*** Material provided ***
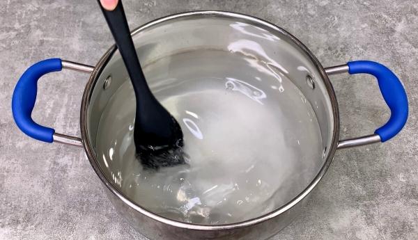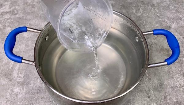 4. У каструлю з водою всипаємо сіль, цукор, ставимо на вогонь, доводимо до кипіння, вливаємо 9% оцет, помішуємо і знімаємо з вогню.
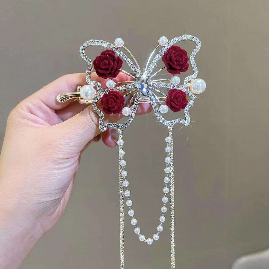 Rose Butterfly Pearl Tassel Hair Clip
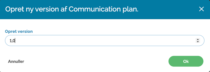Herefter skal versionen have et versionsnummer. Systemet foreslår selv 1.0, men i kan frit redigere versionsnummeret:
*** End of Material provided ***
[Work to complete]: The line containing "Rose Butterfly Pearl Tassel Hair Clip" and every line after it, up to the last line of the data, should be returned exactly, without the pictures.

[Solution to this task]:
 Rose Butterfly Pearl Tassel Hair Clip
Herefter skal versionen have et versionsnummer. Systemet foreslår selv 1.0, men i kan frit redigere versionsnummeret:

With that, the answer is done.